Los Romanticos Experience

O início da parceria da banda vem da reunião de Bruno Tuler e André Monteiro em outro projeto: a banda Ou Sim, formada em 2009, na qual ambos atuavam como compositores e intérpretes de composições musicais e textos poéticos autorais. Em 2019, lançaram o disco “Ou Sim: música, poesia e outras esquinas”, disponível nas plataformas digitais. Edmon Neto era vocalista da banda S.A Rock’n Roll e do CD homônimo que a banda lançou em 2010 e foi aluno de André na UFJF. Edmon conta que já era fã dos dois e tinha enorme interesse em trabalhar com ambos e que, durante a pandemia, no segundo semestre de 2020, os três passaram a se encontrar em sua casa, onde montou um pequeno estúdio. “Inicialmente, a intenção era aprender juntos a tocar instrumentos com os quais ainda não tínhamos tanta afinidade. Mas a experiência virou um projeto de pesquisa, no qual a gente conseguiu explorar sonoridades que têm a ver com nossas experiências e formações musicais particulares”, relembra.

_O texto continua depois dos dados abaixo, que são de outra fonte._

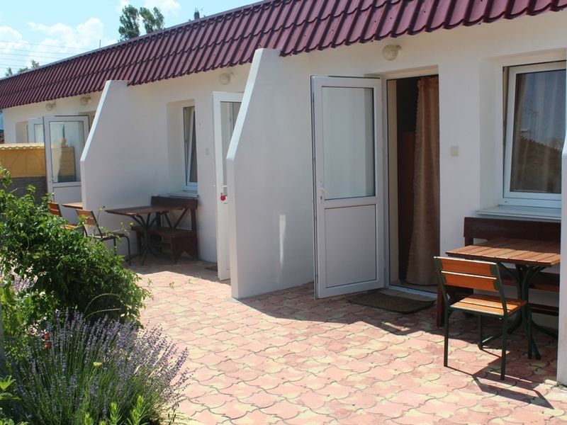В доме: большой холл, холодильник, душ, туалет, телевизор. Перед домом площадка с летней мебелью для отдыха под большим зонтом. Дома на 7 основных мест, забронировать можно по тарифу до 5-ти основных мест. Смена белья и полотенец по графику, уборка в доме по требованию.
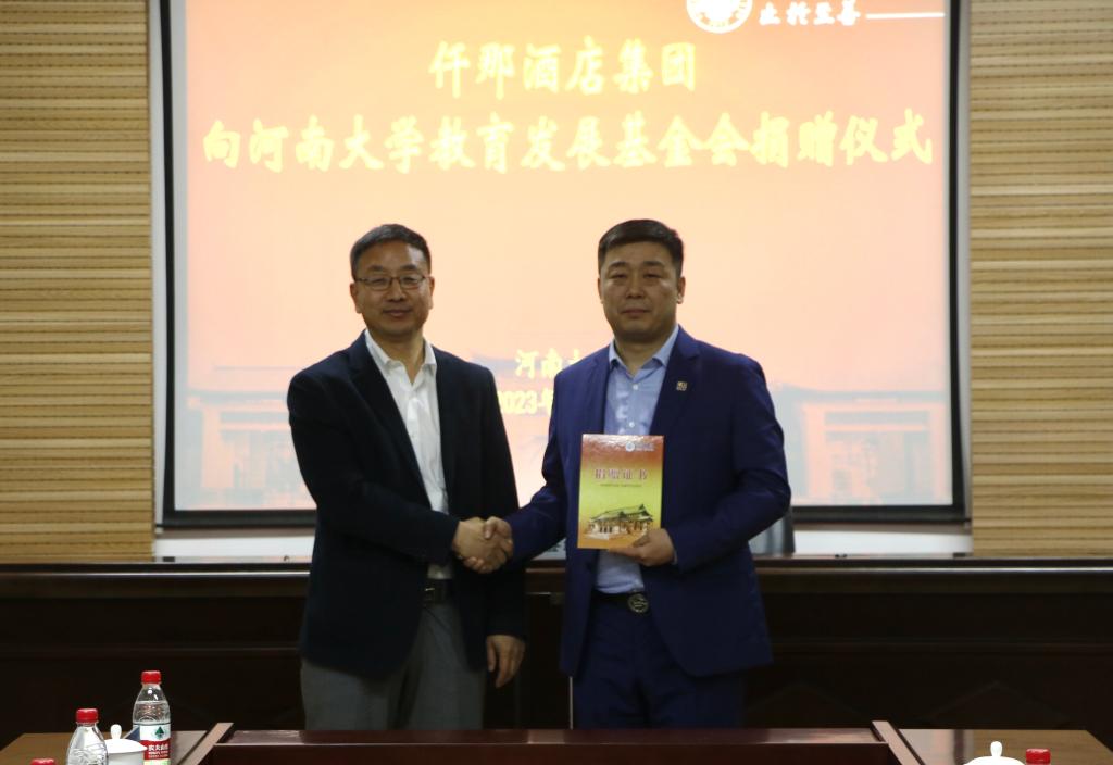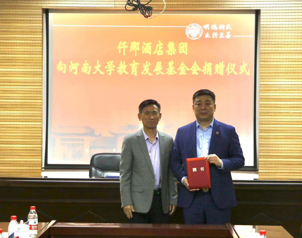 仪式上,文化旅游学院院长程遂营向仟那实业集团董事长、仟那酒店集团创始人陈坤峰颁发河南大学文化旅游学院兼职教授证书。河南大学教育发展基金会秘书长刘波与捐赠方签订捐赠协议,并代表学校接受捐赠。王学路向捐赠方代表仟那实业集团董事长、仟那酒店集团创始人陈坤峰颁发捐赠证书和纪念杯。

Assim, mesmo sem dominar por completo o instrumento, André assumiu piano e teclados, Bruno, baixo, e Edmon, bateria. A novidade do atual projeto é justamente o fato de seus três membros experimentarem instrumentos musicais novos para cada um deles. Nesse sentido, o nome traduz perfeitamente o objetivo da banda. Los Romanticos seriam aqueles que fazem música como verdadeiros “amadores”, aqueles que fazem porque amam, que se entregam a uma busca apaixonado por algum conhecimento. Já o termo Experience, além de ser uma referência direta à famosa banda britânica de Jimi Hendrix (The Jimi Hendrix Experience), traduz a vocação experimental da banda e a própria vontade de seus membros de abrirem-se ao desconhecido.

Para além do lançamento do single e do videoclipe de “Todo dia é dia D”, Los Romanticos Experience se prepara um EP, com mais outras três músicas, a ser lançado em fevereiro de 2022. Bruno Tuler diz que as próximas canções estão em processo de mutação e gravação, sendo duas delas autorais. No entanto, André Monteiro faz questão de frisar que o que vem depois é algo imprevisível. “Vamos continuar brincando e nos entregando à, como diria Oswald de Andrade, ‘alegria dos que não sabem e descobrem’”, finaliza.